CRE stands for carbapenem-resistant Enterobacteriaceae, part of a family of more than 70 bacteria that live in the digestive system. A strain of the superbug killed seven patients in 2011 at the National Institutes of Health Clinical Center in Bethesda, Md., but the deaths were not disclosed until 2012.
In their wake, the CDC issued recommendations for health care centers to stop the spread of the bacteria, and many saw dramatic declines in CRE infections as a result, Frieden said.
But many places haven’t adopted the recommendations, and the bacteria continue to spread. If the health care centers don’t do a better job of containing it, experts say, it could advance beyond hospitals and nursing homes, where it has been concentrated. The fear is that it could follow the pattern of another bacterial superbug, known as MRSA, which has turned up in schools, gyms and other public places.

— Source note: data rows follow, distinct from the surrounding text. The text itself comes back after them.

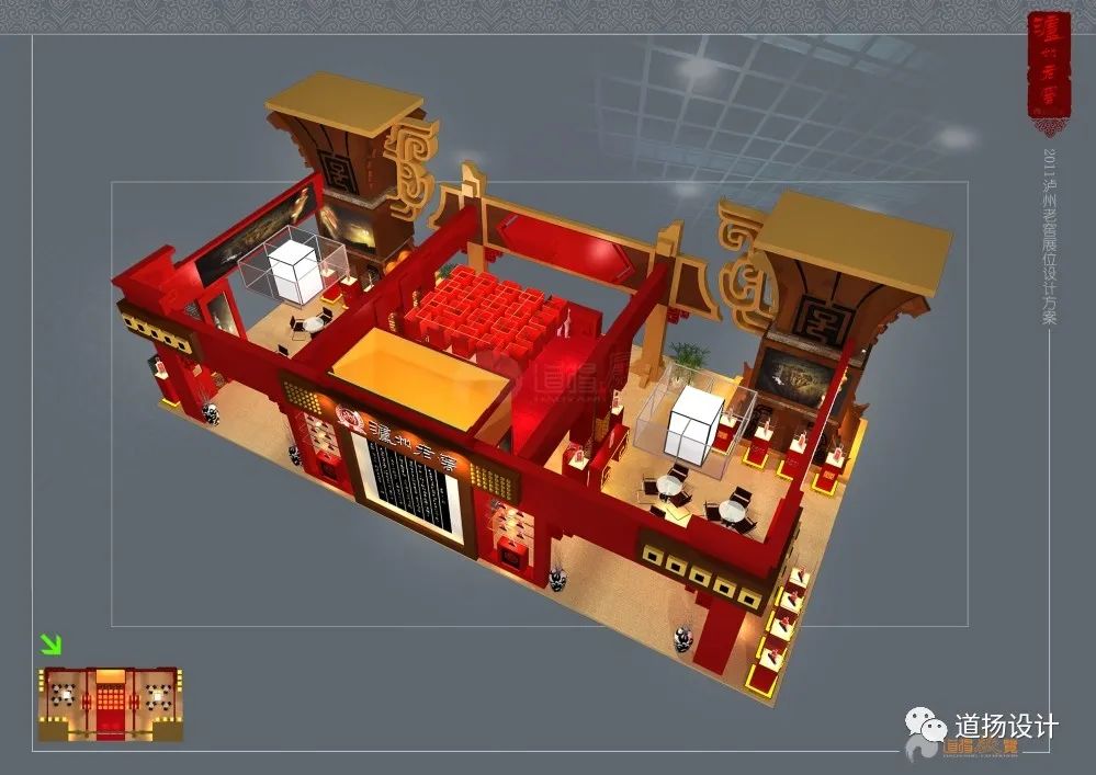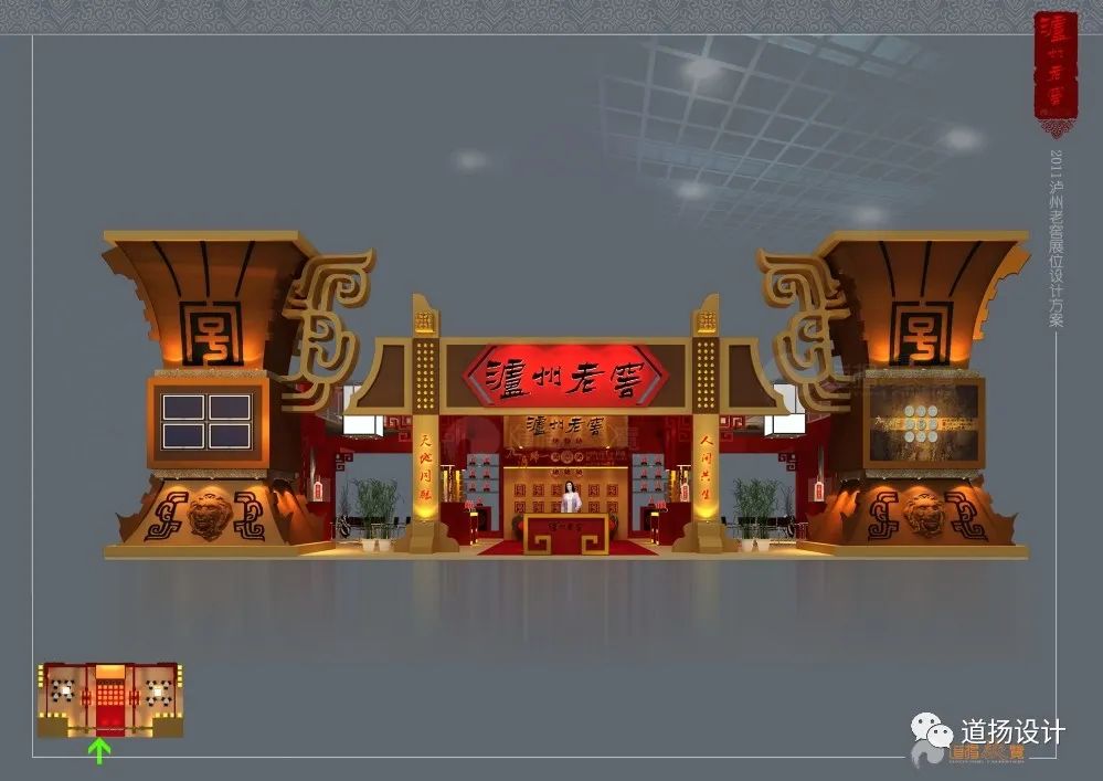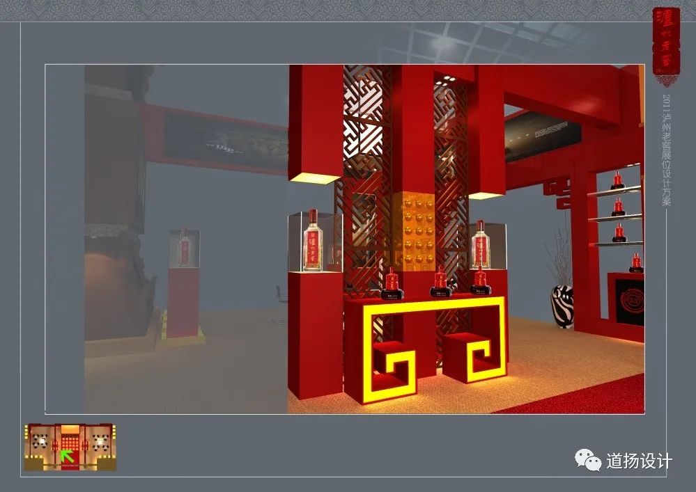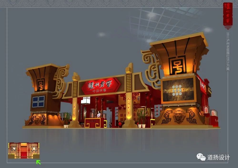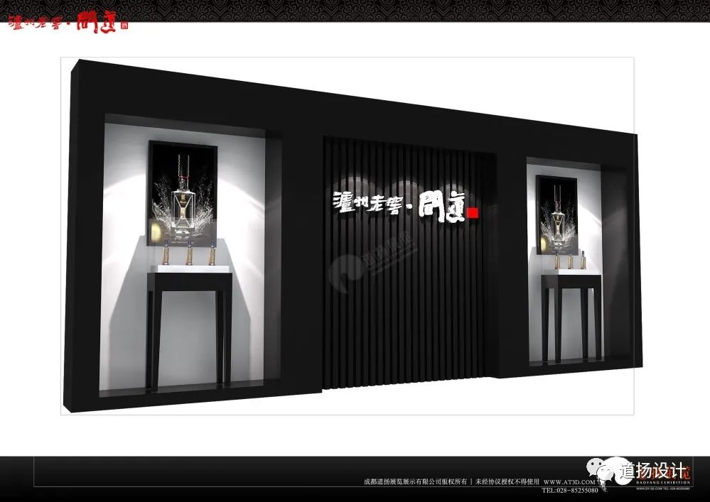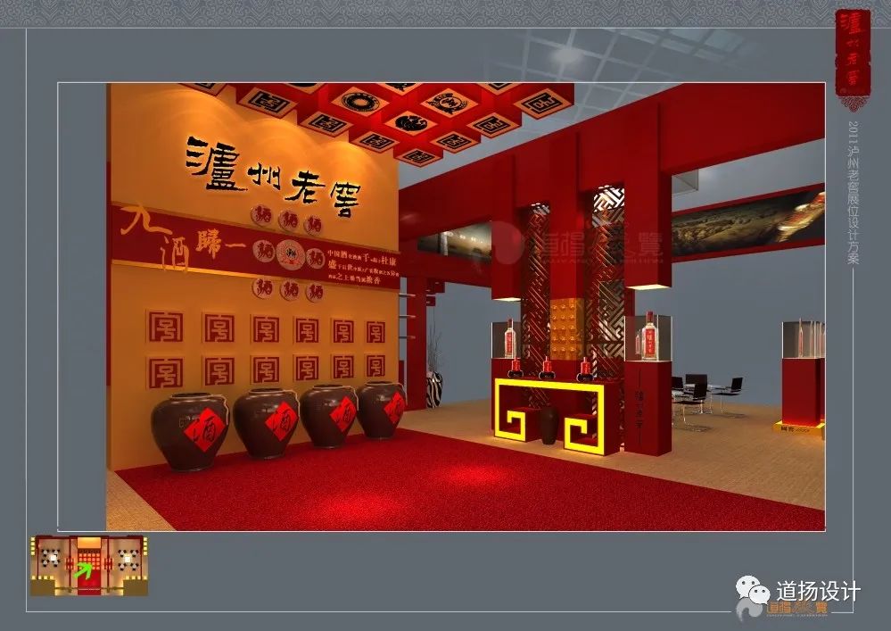 将贯穿整个展位的“回形纹”“铜扣”等中国传统文化元素与精品产品展柜相结合,与泸州老窖窖龄酒合理布局,体现展位的恢宏气势、和不可复制性,将“泸州老窖”品牌深厚的企业文化内涵,形象直观地传达给客户。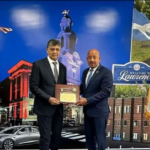 Alcalde de Santo Domingo Oeste felicita a Brian DePeña por su reelección como alcalde de la ciudad de Lawrence.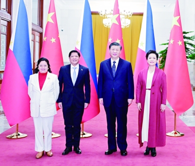 习近平欢迎马科斯就任菲律宾总统后首次访华。习近平指出,这是你首次正式访问东盟以外国家,你也是今年中方接待的首位外国领导人。这充分体现了中菲关系的密切程度,也说明双方在彼此外交格局中占有重要位置。中菲是一衣带水的近邻。在两国上千年交往史上,以诚相待、守望相助始终是中菲关系主流,也是两国人民共有的宝贵精神财富。48年前,你的父亲同中国老一辈领导人洞察时局、顺应大势,共同作出中菲建交的历史性决定。此后近半个世纪,无论国际风云和菲律宾国内政局如何变化,你和你的家族一本初衷,矢志推动中菲友好,这份情谊弥足珍贵。希望你这次访华不仅是一次“怀旧之旅”,更是一次“开创之旅”。中方始终把菲律宾放在周边外交优先方向,坚持从战略和全局高度看待中菲关系。我愿同你保持经常性战略沟通,全面规划双边关系下步发展,做互帮互助的好邻居、相知相近的好亲戚、合作共赢的好伙伴,为两国人民带来更多福祉,为地区和平稳定贡献更多正能量。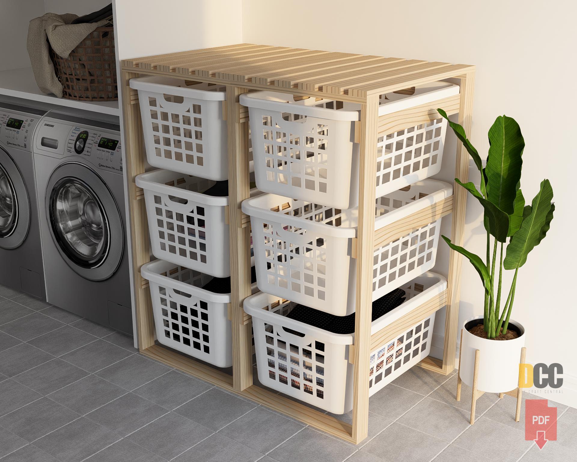 Basket rack end pull storage | Digital PDF Laundry organizer storag...

“Compliance with hand-washing, with using gowns and gloves properly, remains a challenge, and it’s something that we call on health care facilities to work with their providers” to do a better job, said Arjun Srinivasan, the CDC’s associate director for hospital-associated infection prevention programs. “We have the weapons at our disposal right now to stop this from becoming a bigger problem.”

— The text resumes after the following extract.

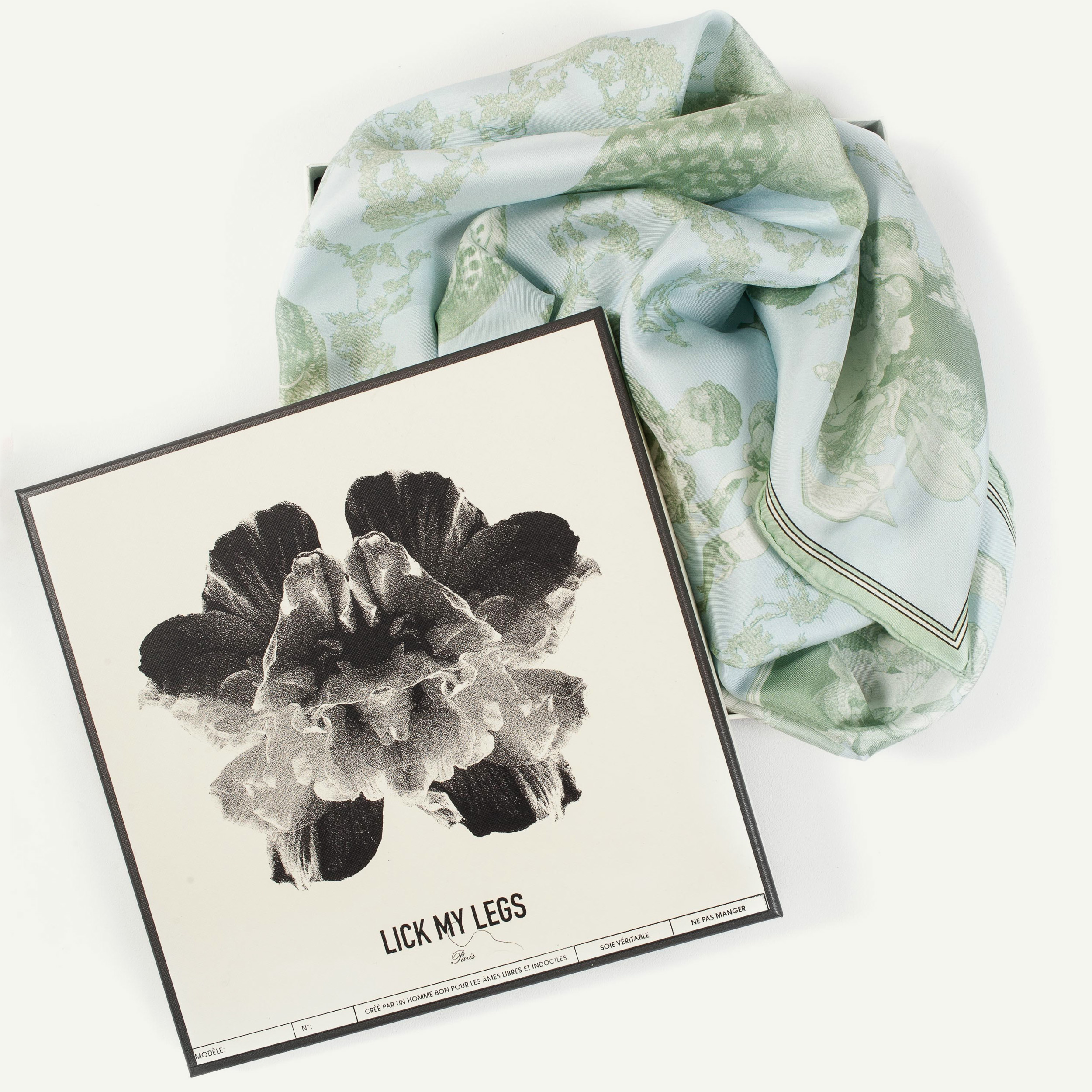 carré en twill de soie 16 mommes, roulottage à la main. Numéroté. Lick my legs – paris.

Nancy Foster, vice president of quality and patient safety policy at the American Hospital Association, said hospital testing should be a facility’s decision, based on the prevalence and risk of CRE in the area. The added cost of testing and the protocol that comes with it is often an expense that many hospitals would struggle to fund, but Foster said the AHA supports hospitals looking for creative ways to finance those efforts.

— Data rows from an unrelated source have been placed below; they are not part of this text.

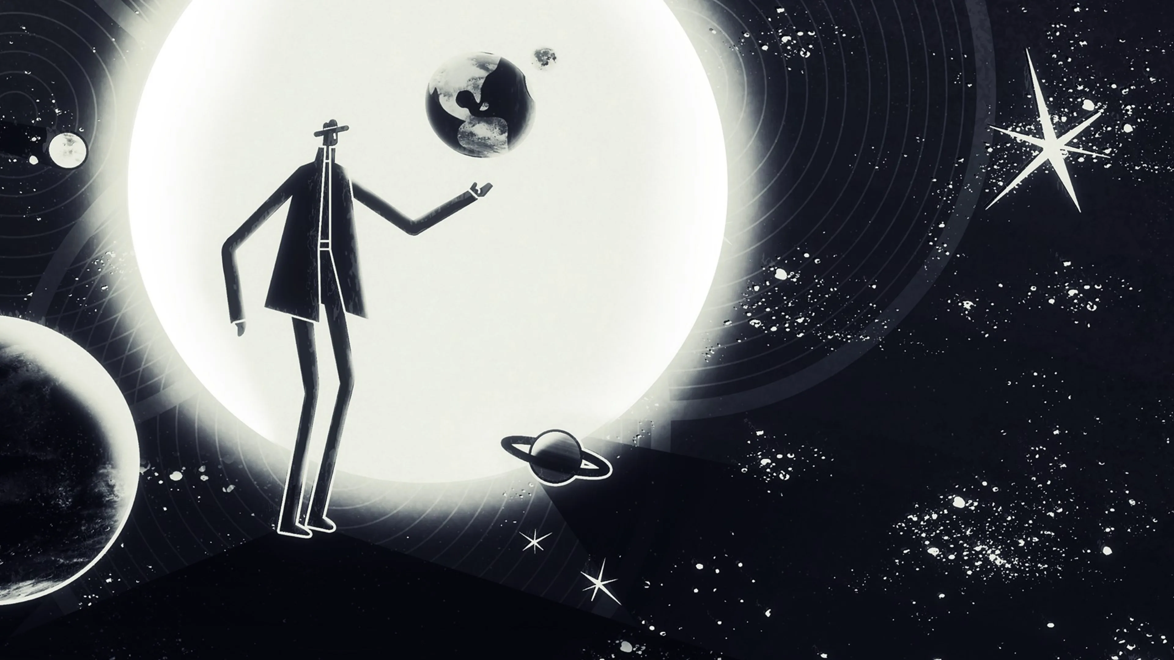 A noir adventure spanning time and space. You play as No Man, a watch peddler caught in a love triangle with other cosmic beings, Miss Mass and Golden Boy. When your affair turns into a bitter confrontation, you will witness a gunshot fired by a jealous god—otherwise known as The Big Bang. Jump into the expanding universe and search for a way to prevent or destroy creation and save your love.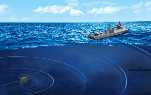 水下环境复杂。海水温度、盐度、密度变化,会形成跃层。跃层对声波传播影响很大。普通声呐很难穿透。潜艇常常利用跃层隐蔽自己。拖曳阵列部署在远离舰体的深水位置,受本舰噪声干扰小,对跃层下目标的捕捉能力更强。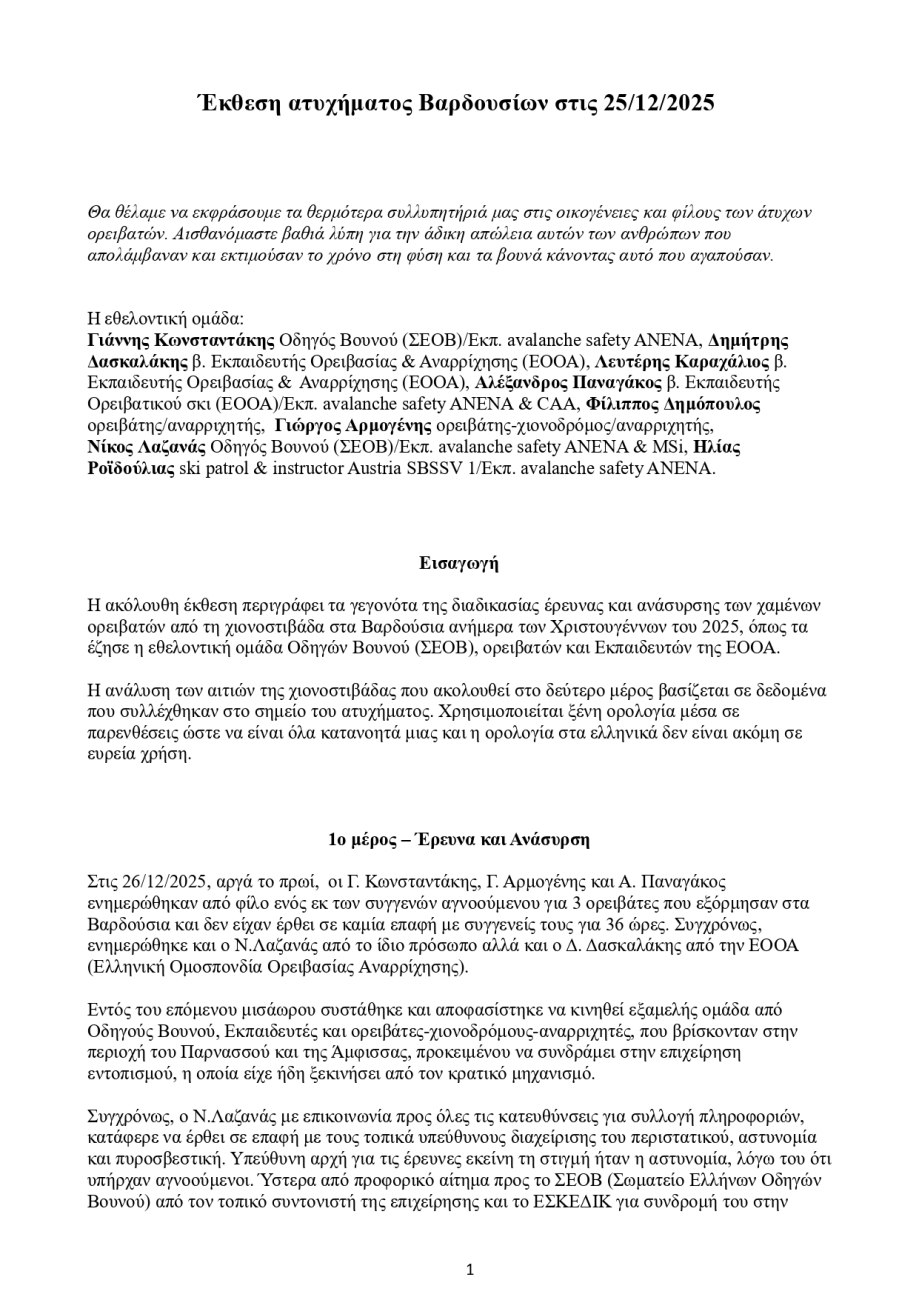 Βαρδούσια Όρη: Τι προκάλεσε τη φονική χιονοστιβάδα – Τι αναφέρει η τεχνική έκθεση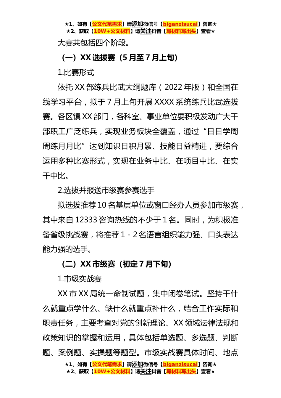 ★1、如有【公文代笔需求】请添加微信号【biganzisucai】咨询★★2、获取【10W+公文材料】请关注抖音【写材料写出头】查看★2023年度XX系统“永远跟党走建功新时代”练兵比武大赛实施方案一、指导思想坚持以习近平新时代中国特色社会主义思想为指导,深入贯彻落实党的XX大精神,围绕练队伍、树标兵、建标准、促改革、提质效,以赛促学、以赛添智、以赛强能、以赛增干,大力提升XX干部队伍的政治素养、履职能力和业务水平,培育培树一批善为、敢为、能为的XX干部,为全面推进中国式现代化XX新实践贡献XX智慧和力量。二、大赛主题永远跟党走建功新时代三、参与对象全市XX系统干部职工四、活动内容聚焦群众之盼、改革之难、发展之需,自觉运用党的创新理论研究新情况、解决新问题、总结新经验、探索新规律。具体内容...

Over the last decade, the proportion of Enterobacteriaceae bacteria that is resistant to carbapenem antibiotics has grown from 1 percent to 4 percent, while the prevalence of the most common CRE has grown from 2 percent to 10 percent.
“That’s a very troubling increase,” Frieden said. “The good news is that we still have time to stop CRE. Many facilities can act now to prevent CRE from emerging, or if it has emerged, to control it.”
He called on health care centers to adopt a “detect and protect” strategy. Among the steps: increasing patient testing, including incoming and transferring patients, and requiring immediate notification of results; following special hygiene guidelines when dealing with CRE-infected patients; and dedicating rooms, staff and equipment for CRE patients.
Another step would be removing medical devices, like catheters, as quickly as possible to avoid infection, and prescribing antibiotics more carefully to avoid overuse, which increases drug-resistant infections.
Betsy McCaughey, chairman and founder of the Committee to Reduce Infection Deaths, a patient advocacy group, said Frieden’s recommendations were disappointing and “half-baked” because they didn’t call for universal mandatory CRE screenings at hospitals and public reporting of the data.
“Any patient planning to go to in a hospital has a right to know if there are germs in that hospital,” McCaughey said.
Only six states — Tennessee, Oregon, Minnesota, Colorado, Wisconsin and North Dakota — require reporting of CRE infections in hospitals, Frieden said, and the CDC supports those measures.